If the sum of the first n terms of a geometric progression is 63 and the first term is 3, what is the common ratio if n = 4?

Step 1: Identify the given values. The sum of the first n terms (S_n) is 63, the first term (a) is 3, and n is 4.
Step 2: Write down the formula for the sum of the first n terms of a geometric progression: S_n = a(1 - r^n) / (1 - r).
Step 3: Substitute the known values into the formula: 63 = 3(1 - r^4) / (1 - r).
Step 4: Multiply both sides by (1 - r) to eliminate the fraction: 63(1 - r) = 3(1 - r^4).
Step 5: Distribute on both sides: 63 - 63r = 3 - 3r^4.
Step 6: Rearrange the equation to bring all terms to one side: 3r^4 - 63r + 60 = 0.
Step 7: Simplify the equation by dividing everything by 3: r^4 - 21r + 20 = 0.

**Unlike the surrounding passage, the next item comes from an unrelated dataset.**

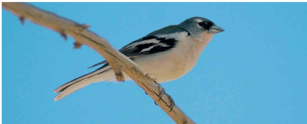
478 Tunisian Chaffinch / Tunesische Vink Fringilla coelebs spodiogenys , male, north of Skhira, Sfax, Tunisia, 1 May 2005

In the caption of plate 444 (Dutch Birding 27: 361, 2005) unfortunately the wrong photographer was mentioned. The photograph was taken by Koen Verbanck. EDITORS

Step 8: Solve the equation for r. You can try possible values for r. Testing r = 2 gives: 2^4 - 21(2) + 20 = 16 - 42 + 20 = -6 (not a solution). Testing r = 3 gives: 3^4 - 21(3) + 20 = 81 - 63 + 20 = 38 (not a solution). Testing r = 4 gives: 4^4 - 21(4) + 20 = 256 - 84 + 20 = 192 (not a solution). Testing r = 2 gives: 2^4 - 21(2) + 20 = 16 - 42 + 20 = -6 (not a solution). Testing r = 1 gives: 1^4 - 21(1) + 20 = 1 - 21 + 20 = 0 (solution).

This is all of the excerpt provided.